• About this exercise
Under this line is a listing; return exactly the lines starting at the one with "Wnutrees Farmhouse Coffee" and running down to the one with "A square silk", and leave out its pictures.

### The data

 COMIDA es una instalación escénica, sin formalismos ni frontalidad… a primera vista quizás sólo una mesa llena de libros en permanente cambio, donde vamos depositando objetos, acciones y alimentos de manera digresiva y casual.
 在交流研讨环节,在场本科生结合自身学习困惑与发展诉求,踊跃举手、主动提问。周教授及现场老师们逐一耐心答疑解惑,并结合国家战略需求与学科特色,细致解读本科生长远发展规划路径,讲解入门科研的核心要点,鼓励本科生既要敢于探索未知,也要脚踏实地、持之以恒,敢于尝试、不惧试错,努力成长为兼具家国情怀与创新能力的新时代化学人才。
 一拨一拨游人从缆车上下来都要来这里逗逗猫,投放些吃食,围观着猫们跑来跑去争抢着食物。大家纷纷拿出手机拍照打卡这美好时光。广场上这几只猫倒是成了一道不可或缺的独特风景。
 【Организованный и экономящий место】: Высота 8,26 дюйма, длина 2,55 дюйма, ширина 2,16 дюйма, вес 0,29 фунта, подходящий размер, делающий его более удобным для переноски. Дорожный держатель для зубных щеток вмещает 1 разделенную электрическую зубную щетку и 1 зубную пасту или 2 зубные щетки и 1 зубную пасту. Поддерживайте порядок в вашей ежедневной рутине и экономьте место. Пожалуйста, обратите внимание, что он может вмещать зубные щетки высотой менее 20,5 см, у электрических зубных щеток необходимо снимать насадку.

######
### The data

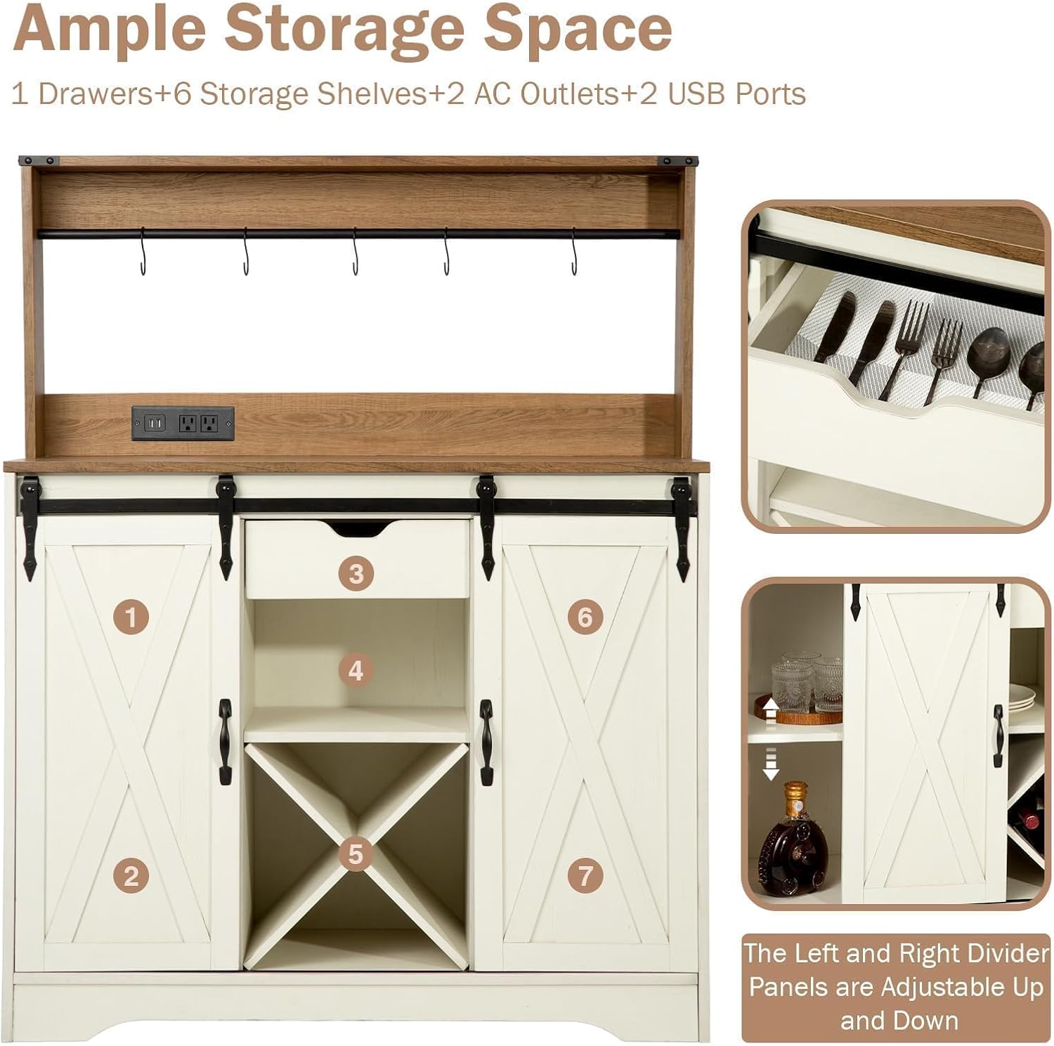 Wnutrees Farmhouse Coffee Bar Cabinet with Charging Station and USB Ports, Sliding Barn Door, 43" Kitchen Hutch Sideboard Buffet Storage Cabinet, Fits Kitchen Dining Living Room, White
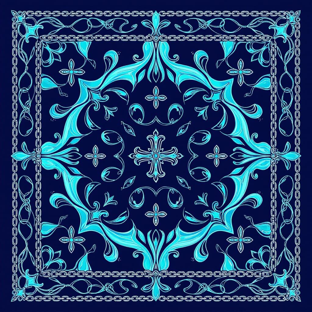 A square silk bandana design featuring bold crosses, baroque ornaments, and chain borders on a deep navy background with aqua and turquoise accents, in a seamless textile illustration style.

######

• Task answer
 Wnutrees Farmhouse Coffee Bar Cabinet with Charging Station and USB Ports, Sliding Barn Door, 43" Kitchen Hutch Sideboard Buffet Storage Cabinet, Fits Kitchen Dining Living Room, White
 A square silk bandana design featuring bold crosses, baroque ornaments, and chain borders on a deep navy background with aqua and turquoise accents, in a seamless textile illustration style.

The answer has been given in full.